Royalties can rise to 12% as global prices increase.
A 1% Community Development Fund is created for host communities.
The framework applies generally, not selectively.
Legally, this shifts the battleground:
From Article 268 ratification politics, where Parliament can block a specific concession
To subsidiary legislation, subject to parliamentary scrutiny but not structured around a single project vote
From the government’s perspective, this creates predictability.
From the critics’ perspective, it reduces Parliament’s leverage.
Both readings are constitutionally plausible.
The Constitutional Tension: Who Is Right?
This is not merely a policy disagreement. It is a dispute about fiduciary duty.

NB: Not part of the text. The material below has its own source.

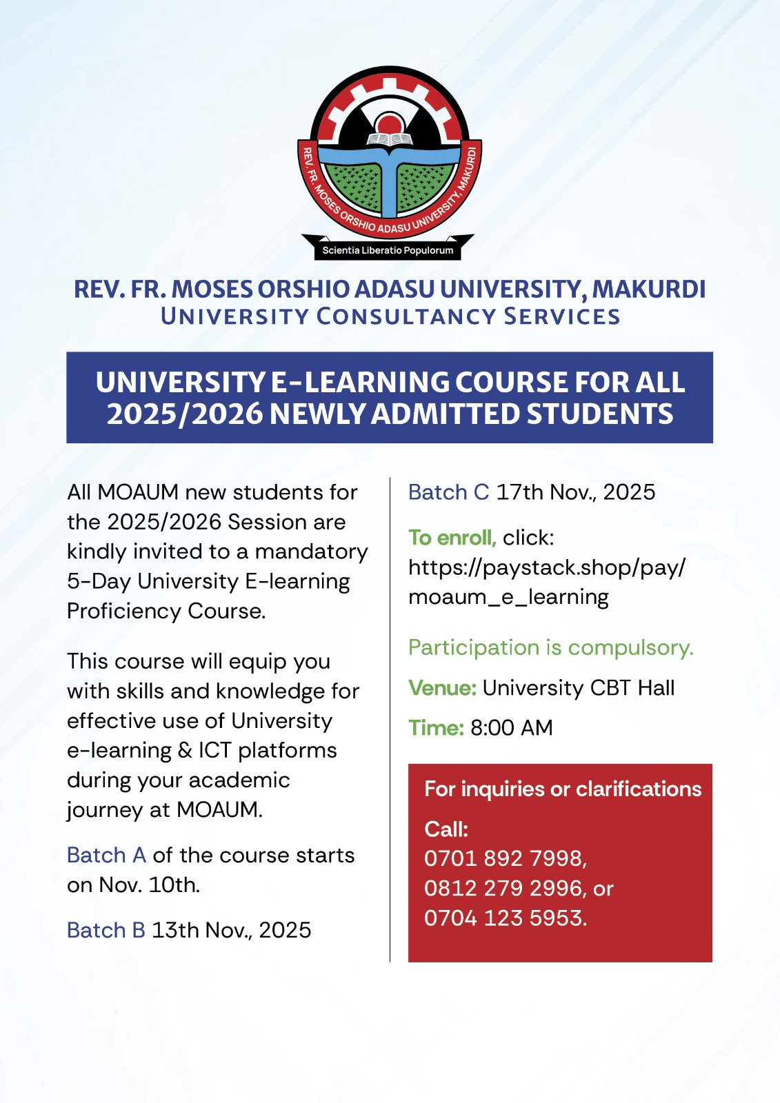 ATTENTION: All MOAUM new students for the 2025/2026 Session are kindly invited to a mandatory 5-Day University E-learning Proficiency Course.

Government’s Constitutional Argument
Parliament retains oversight through:
L.I. review powers
Budget approval
Future lease ratifications
The Constitution does not dictate the precise mechanism of value capture—only that concessions require parliamentary ratification. A general royalty regime, the government argues, avoids case-by-case politicisation and makes the fiscal environment more legible to investors.
Minority & Civil Society Argument
Article 257(6) vests minerals in the President in trust for the people of Ghana.

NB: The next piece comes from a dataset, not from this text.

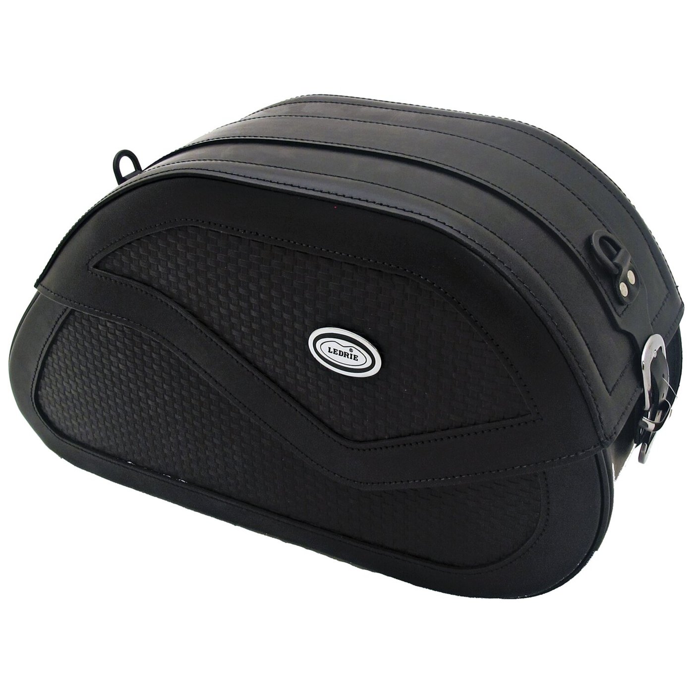 Basket Weave inlay. 33 liter per bag. Dimensions per bag: 55.5cm long x 19cm wide x 32cm high. Manufactured from premium quality 2.8mm thick split leather. All saddlebags, side bags and sissy bar bags come with a 4mm thick HDPE (polyethylene thermoplastic) back panel, unless mentioned otherwise. This is same material of which, for instance, kayaks are made, to ensure maximum strength & shape retention under harsh conditions. The reinforcing plate is sewn onto the leather, giving it excellent strength and great universal mounting options. A special groove is cut into the HDPE back plate, allowing for lowered stitching in the groove, below the surface of the back plate. This protects stitching from abrasion. All bags are pre-treated with a special oil for maximum life and water resistance. All bags are hand-made by experienced personnel to ensure a continuous high quality standard. Mounting note: These saddlebags can be used with the 559467 universal Ledrie saddlebag carrier set or with the 55946 Ledrie universal saddlebag support bracket. Since motorcycle specific application and rider preference differs no hardware is included and no provisions are made to mount the saddlebag to saddlebag carrier. Holes can be drilled in the reinforced rear section of the saddlebag, at the desired point and installed to the universal carrier frame, which must be ordered separately, or custom made. Many riders prefer a simple but effective installation to the carrier with some sturdy cable straps. Mounting note: Model specific hardware kits are available as 559463 for 91-03 Sportster, 559464 for 04-13 Sportster, 559465 for 86-17 Softail; 96-17 Dyna (excl. FLD); 14-20 Sportster. Note: 559457 turn signal relocation kit is available for 96-17 Dyna (excl. FLD Switchback models). Note: Dimensions and capacity are approximate and for reference only.

Trust implies maximisation of long-term national benefit—not merely revenue certainty and administrative efficiency. Parliament’s ratification role is substantive, not ceremonial. And strategic minerals demand heightened scrutiny, not a process that appears to streamline around dissent.
This is not only legal. It is moral governance—and the public can sense that.

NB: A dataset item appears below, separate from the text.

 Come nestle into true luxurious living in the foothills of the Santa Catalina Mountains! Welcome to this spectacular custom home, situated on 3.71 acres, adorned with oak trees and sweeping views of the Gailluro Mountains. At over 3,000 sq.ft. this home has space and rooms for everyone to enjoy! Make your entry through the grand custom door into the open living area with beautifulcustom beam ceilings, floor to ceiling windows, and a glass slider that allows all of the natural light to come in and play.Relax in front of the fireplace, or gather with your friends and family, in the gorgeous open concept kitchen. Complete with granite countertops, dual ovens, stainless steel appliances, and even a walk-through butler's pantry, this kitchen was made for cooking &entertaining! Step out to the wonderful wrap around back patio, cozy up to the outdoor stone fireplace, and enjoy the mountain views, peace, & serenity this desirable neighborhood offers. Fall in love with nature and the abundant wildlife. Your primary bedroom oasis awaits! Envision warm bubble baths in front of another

The Scandal Question: When Trust Becomes the Crisis
There is no judicial finding of corruption in Ghana’s lithium process. But resource governance does not collapse only through theft. It collapses through opacity and contradiction.
The controversy escalated because the dispute ceased to be solely about percentages and became about credibility.
The Minority’s claim is simple and politically potent: if Parliament were given firm assurances that consultations and requirements were satisfied, then a later withdrawal citing insufficient consultation creates a contradiction that Parliament has a right to interrogate.
The Government answers with its own equally simple claim: a willingness to pause, consult, and strengthen terms is not flip-flopping—it is democratic responsiveness.
Both arguments can be true at once.
That is what makes this moment dangerous.
In extractives, perception is not cosmetic—it is consequential. When citizens cannot see the underlying fiscal logic, they question not just the math, but the motive.
The risk is not merely scandal; it is a trust deficit that damages Ghana’s negotiating power and investor credibility simultaneously.
The Money Question: Why Margins Matter More Than Headlines
At its 2022 peak, lithium traded above US$70,000 per tonne. Prices have since fallen dramatically, but volatility does not negate value; it increases the need for strong fiscal design.
Over the life of Ewoyaa:
Gross resource value runs into billions of dollars.
A 1–2% royalty difference can translate into hundreds of millions foregone.
Early concessions create opportunity costs that are hard to reverse without reputational and legal risk.
The fear is not today’s price. It is tomorrow’s boom—and whether Ghana’s framework is built to capture it.
Global Context Ghana Cannot Ignore
Lithium is increasingly treated as:
an industrial policy tool
a geopolitical asset
a national security input
Countries that moved early are recalibrating:
Chile increased state participation.
Australia tightened fiscal terms.
Argentina has faced public pressure to revise regimes.
Ghana is being judged against this evolving global standard. In a world racing to secure supply chains, the country that negotiates wisely can move from extraction to influence.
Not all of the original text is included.